INSTRUCTIONS FOR THE TASK. What is needed is a word-for-word copy of all the entries, minus the pictures.

INFORMATION GIVEN Start Marker

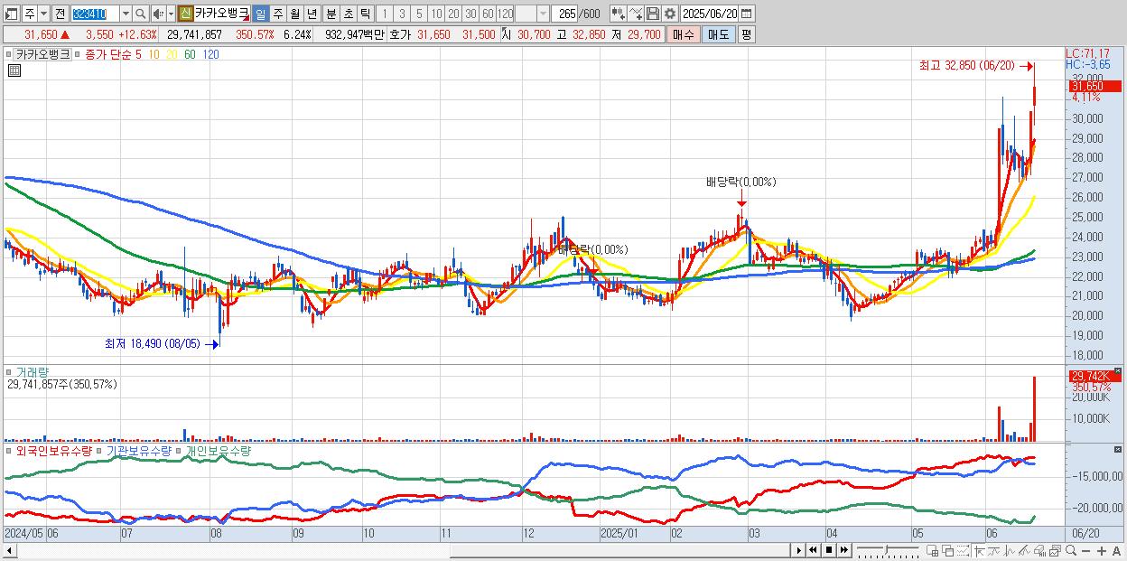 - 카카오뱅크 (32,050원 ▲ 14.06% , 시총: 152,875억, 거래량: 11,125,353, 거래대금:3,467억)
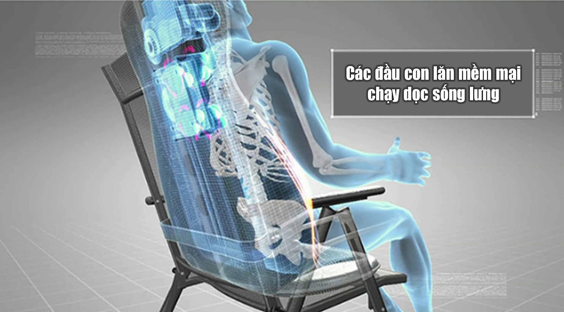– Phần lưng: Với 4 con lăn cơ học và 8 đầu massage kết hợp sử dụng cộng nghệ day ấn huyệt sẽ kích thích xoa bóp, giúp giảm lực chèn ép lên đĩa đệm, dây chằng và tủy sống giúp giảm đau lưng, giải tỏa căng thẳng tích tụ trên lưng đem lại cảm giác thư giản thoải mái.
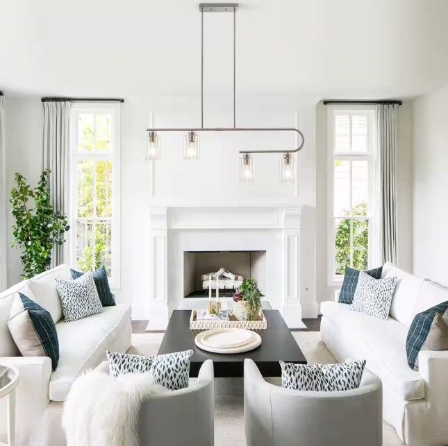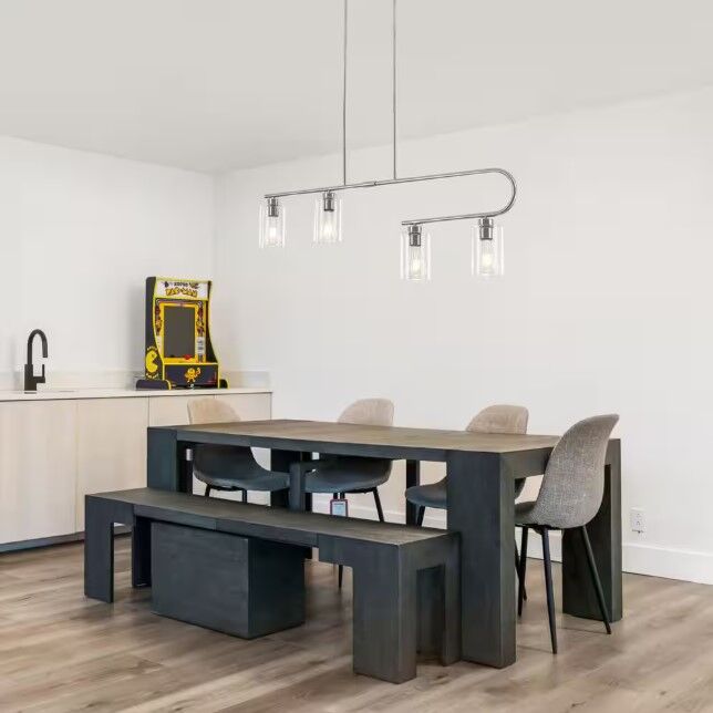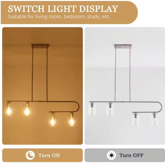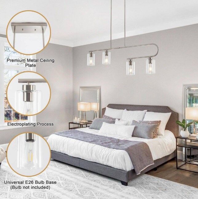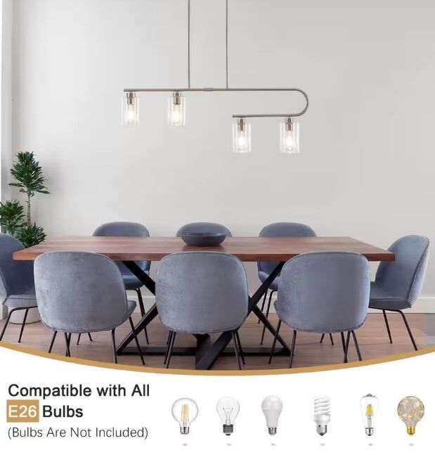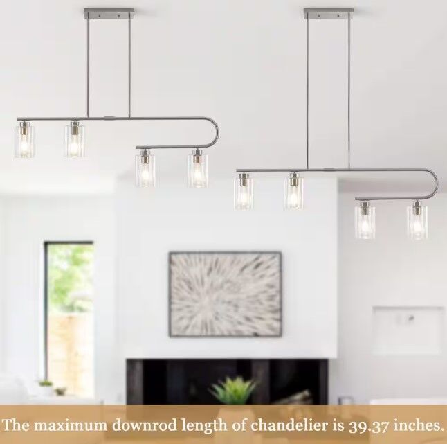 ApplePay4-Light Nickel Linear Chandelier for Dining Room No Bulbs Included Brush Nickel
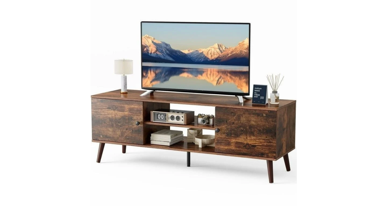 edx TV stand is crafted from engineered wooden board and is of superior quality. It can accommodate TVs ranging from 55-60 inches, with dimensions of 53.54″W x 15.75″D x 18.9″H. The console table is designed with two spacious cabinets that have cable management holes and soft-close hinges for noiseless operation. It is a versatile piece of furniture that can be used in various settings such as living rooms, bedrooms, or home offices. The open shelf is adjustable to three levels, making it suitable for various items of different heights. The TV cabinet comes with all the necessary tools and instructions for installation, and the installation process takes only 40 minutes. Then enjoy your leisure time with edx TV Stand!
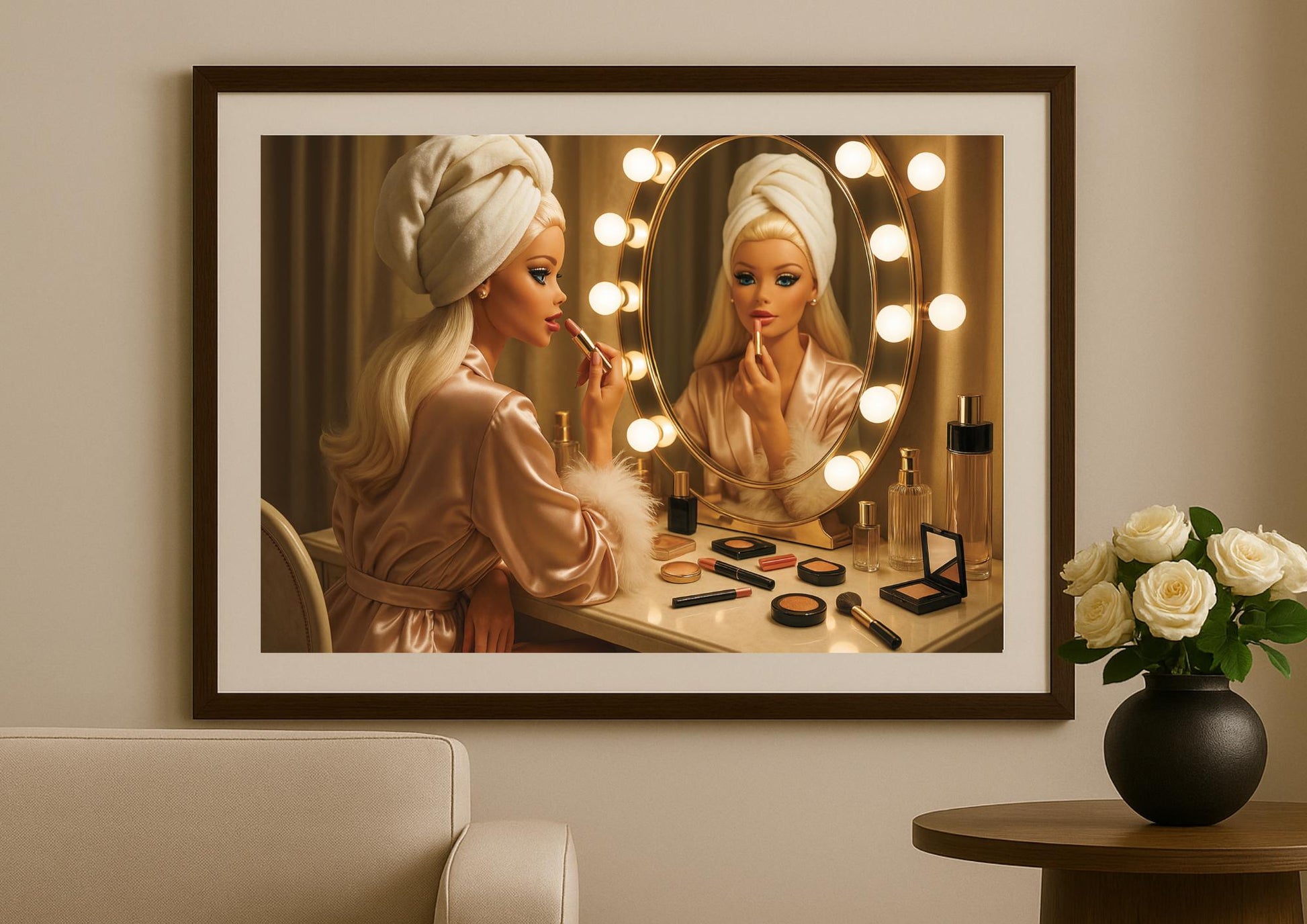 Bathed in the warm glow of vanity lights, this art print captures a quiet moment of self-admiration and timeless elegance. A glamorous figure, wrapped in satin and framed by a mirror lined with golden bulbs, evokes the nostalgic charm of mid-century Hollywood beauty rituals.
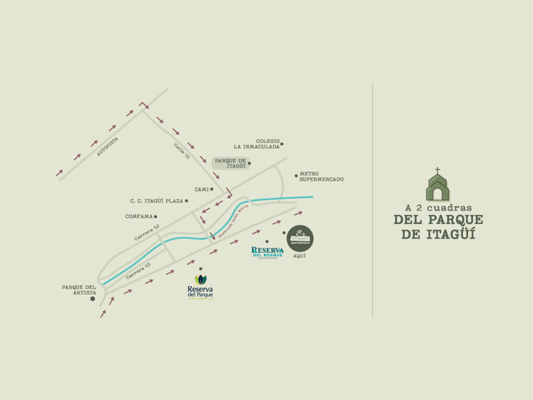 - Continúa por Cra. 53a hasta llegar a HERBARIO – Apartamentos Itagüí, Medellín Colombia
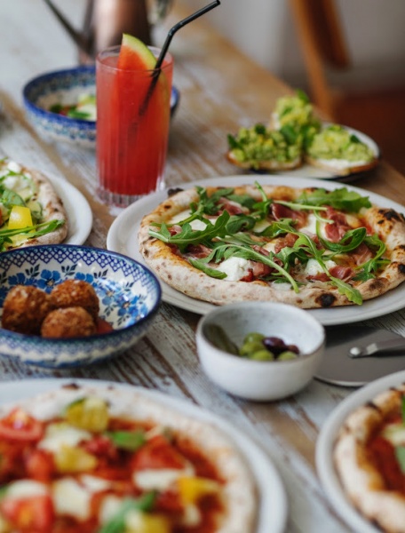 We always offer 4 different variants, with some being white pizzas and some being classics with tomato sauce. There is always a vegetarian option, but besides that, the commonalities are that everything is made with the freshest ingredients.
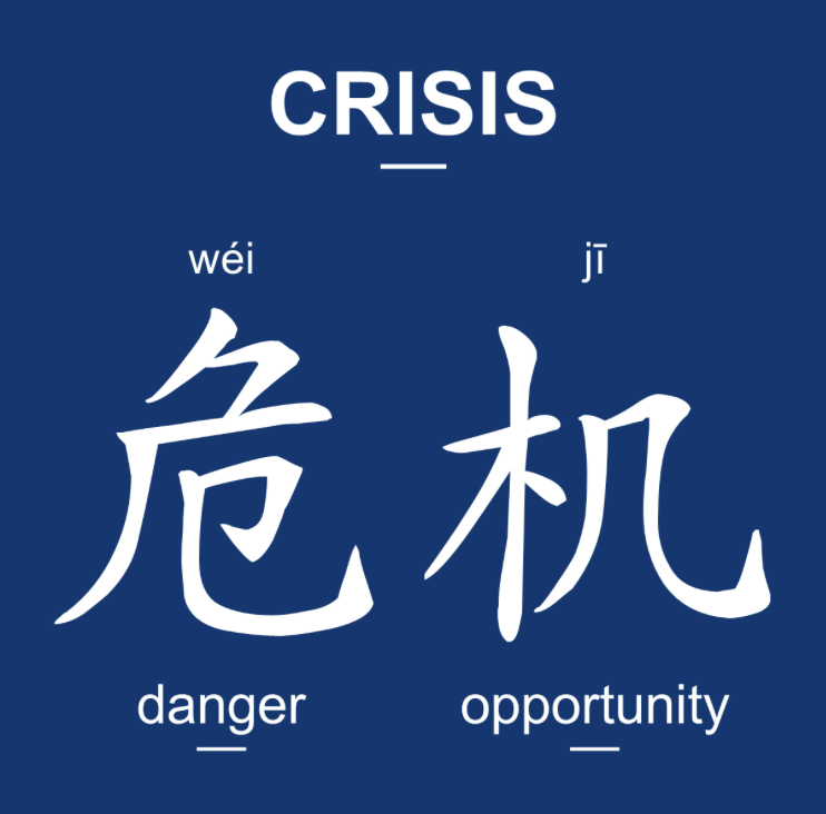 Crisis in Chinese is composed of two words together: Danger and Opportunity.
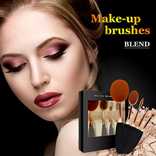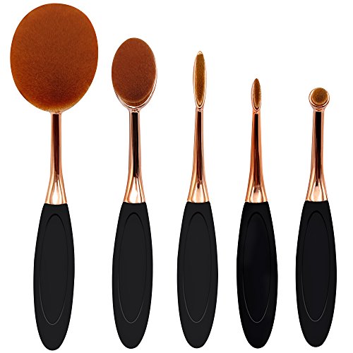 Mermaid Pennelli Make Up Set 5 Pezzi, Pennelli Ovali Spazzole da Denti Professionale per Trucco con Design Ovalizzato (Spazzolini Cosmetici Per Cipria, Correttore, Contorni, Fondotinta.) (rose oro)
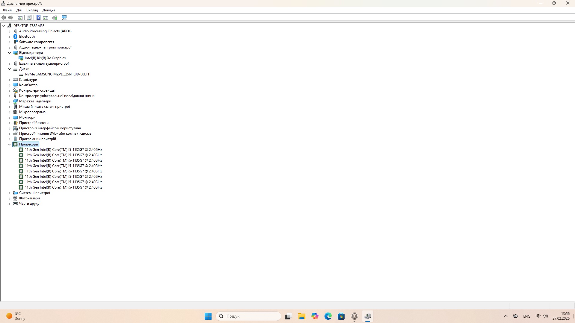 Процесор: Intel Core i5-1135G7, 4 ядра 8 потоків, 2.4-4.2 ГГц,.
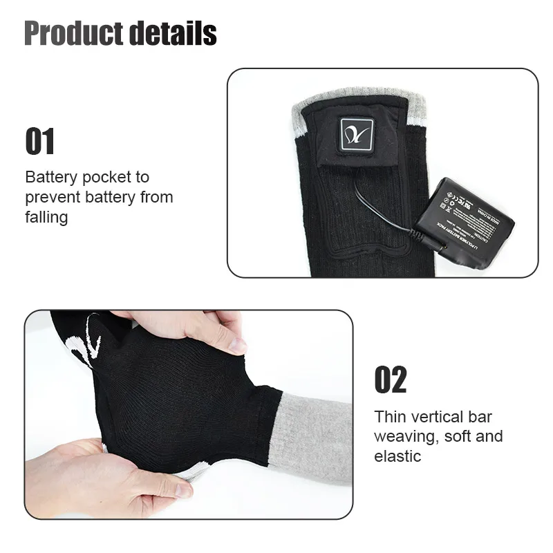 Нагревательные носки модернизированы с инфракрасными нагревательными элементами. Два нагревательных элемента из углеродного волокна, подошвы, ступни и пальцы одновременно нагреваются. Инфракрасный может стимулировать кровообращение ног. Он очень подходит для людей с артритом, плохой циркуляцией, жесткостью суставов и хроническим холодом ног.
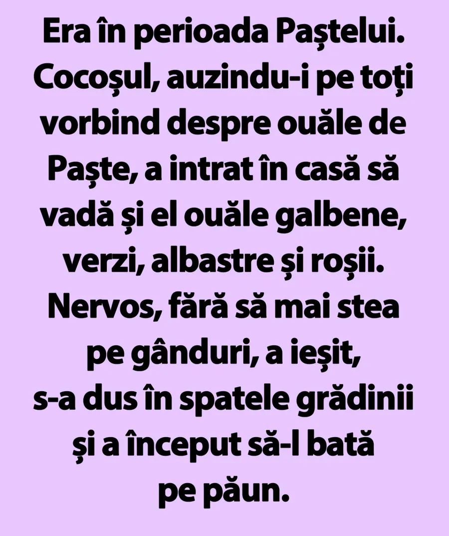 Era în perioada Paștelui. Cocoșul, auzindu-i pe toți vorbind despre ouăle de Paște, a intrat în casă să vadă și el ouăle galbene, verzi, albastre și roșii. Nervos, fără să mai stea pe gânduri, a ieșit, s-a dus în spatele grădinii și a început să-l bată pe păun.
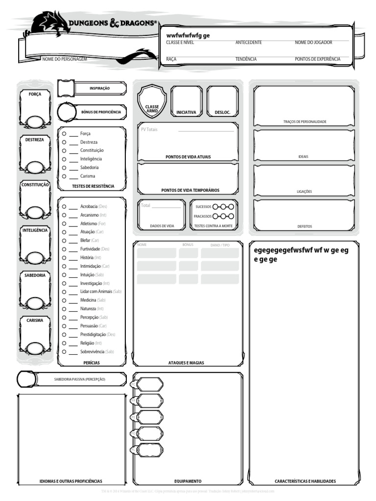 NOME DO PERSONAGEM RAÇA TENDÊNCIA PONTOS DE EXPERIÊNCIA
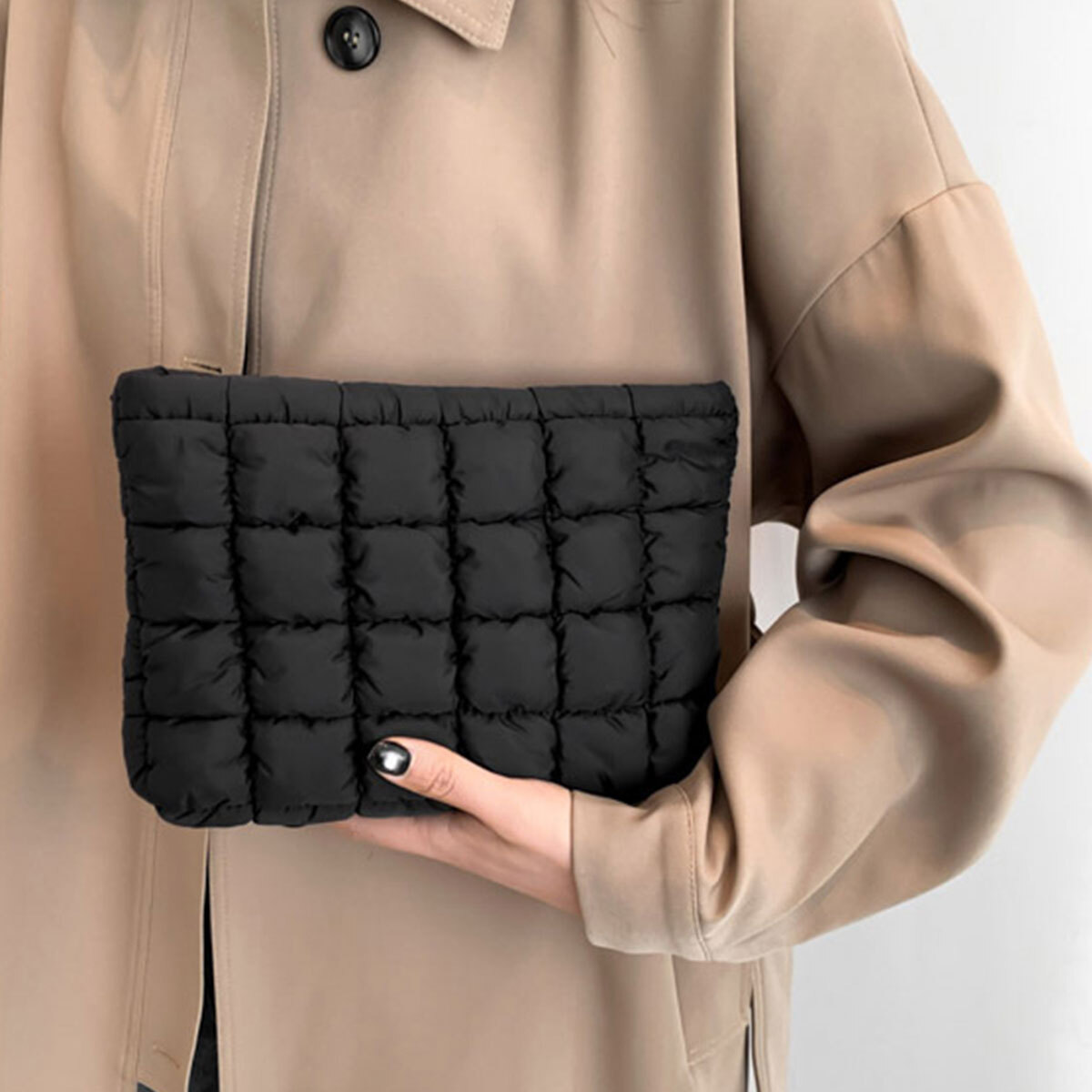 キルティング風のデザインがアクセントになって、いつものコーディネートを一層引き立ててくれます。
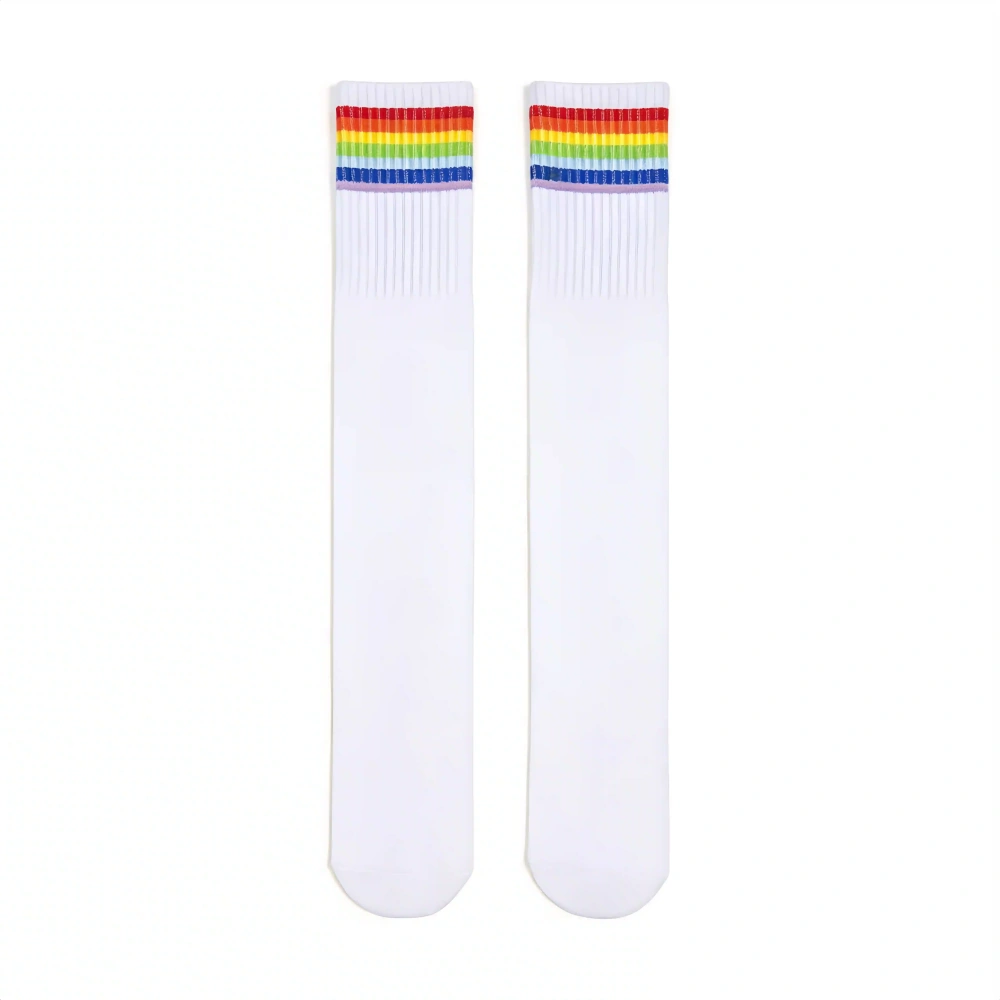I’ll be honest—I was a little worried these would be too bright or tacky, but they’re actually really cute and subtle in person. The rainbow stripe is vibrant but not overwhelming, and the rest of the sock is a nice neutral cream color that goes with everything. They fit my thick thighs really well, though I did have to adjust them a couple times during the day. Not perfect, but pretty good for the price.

INFORMATION GIVEN End Marker

SOLUTION FOR THIS PROBLEM.
 - 카카오뱅크 (32,050원 ▲ 14.06% , 시총: 152,875억, 거래량: 11,125,353, 거래대금:3,467억)
– Phần lưng: Với 4 con lăn cơ học và 8 đầu massage kết hợp sử dụng cộng nghệ day ấn huyệt sẽ kích thích xoa bóp, giúp giảm lực chèn ép lên đĩa đệm, dây chằng và tủy sống giúp giảm đau lưng, giải tỏa căng thẳng tích tụ trên lưng đem lại cảm giác thư giản thoải mái.
 ApplePay4-Light Nickel Linear Chandelier for Dining Room No Bulbs Included Brush Nickel
 edx TV stand is crafted from engineered wooden board and is of superior quality. It can accommodate TVs ranging from 55-60 inches, with dimensions of 53.54″W x 15.75″D x 18.9″H. The console table is designed with two spacious cabinets that have cable management holes and soft-close hinges for noiseless operation. It is a versatile piece of furniture that can be used in various settings such as living rooms, bedrooms, or home offices. The open shelf is adjustable to three levels, making it suitable for various items of different heights. The TV cabinet comes with all the necessary tools and instructions for installation, and the installation process takes only 40 minutes. Then enjoy your leisure time with edx TV Stand!
 Bathed in the warm glow of vanity lights, this art print captures a quiet moment of self-admiration and timeless elegance. A glamorous figure, wrapped in satin and framed by a mirror lined with golden bulbs, evokes the nostalgic charm of mid-century Hollywood beauty rituals.
 - Continúa por Cra. 53a hasta llegar a HERBARIO – Apartamentos Itagüí, Medellín Colombia
 We always offer 4 different variants, with some being white pizzas and some being classics with tomato sauce. There is always a vegetarian option, but besides that, the commonalities are that everything is made with the freshest ingredients.
 Crisis in Chinese is composed of two words together: Danger and Opportunity.
 Mermaid Pennelli Make Up Set 5 Pezzi, Pennelli Ovali Spazzole da Denti Professionale per Trucco con Design Ovalizzato (Spazzolini Cosmetici Per Cipria, Correttore, Contorni, Fondotinta.) (rose oro)
 Процесор: Intel Core i5-1135G7, 4 ядра 8 потоків, 2.4-4.2 ГГц,.
 Нагревательные носки модернизированы с инфракрасными нагревательными элементами. Два нагревательных элемента из углеродного волокна, подошвы, ступни и пальцы одновременно нагреваются. Инфракрасный может стимулировать кровообращение ног. Он очень подходит для людей с артритом, плохой циркуляцией, жесткостью суставов и хроническим холодом ног.
 Era în perioada Paștelui. Cocoșul, auzindu-i pe toți vorbind despre ouăle de Paște, a intrat în casă să vadă și el ouăle galbene, verzi, albastre și roșii. Nervos, fără să mai stea pe gânduri, a ieșit, s-a dus în spatele grădinii și a început să-l bată pe păun.
 NOME DO PERSONAGEM RAÇA TENDÊNCIA PONTOS DE EXPERIÊNCIA
 キルティング風のデザインがアクセントになって、いつものコーディネートを一層引き立ててくれます。
I’ll be honest—I was a little worried these would be too bright or tacky, but they’re actually really cute and subtle in person. The rainbow stripe is vibrant but not overwhelming, and the rest of the sock is a nice neutral cream color that goes with everything. They fit my thick thighs really well, though I did have to adjust them a couple times during the day. Not perfect, but pretty good for the price.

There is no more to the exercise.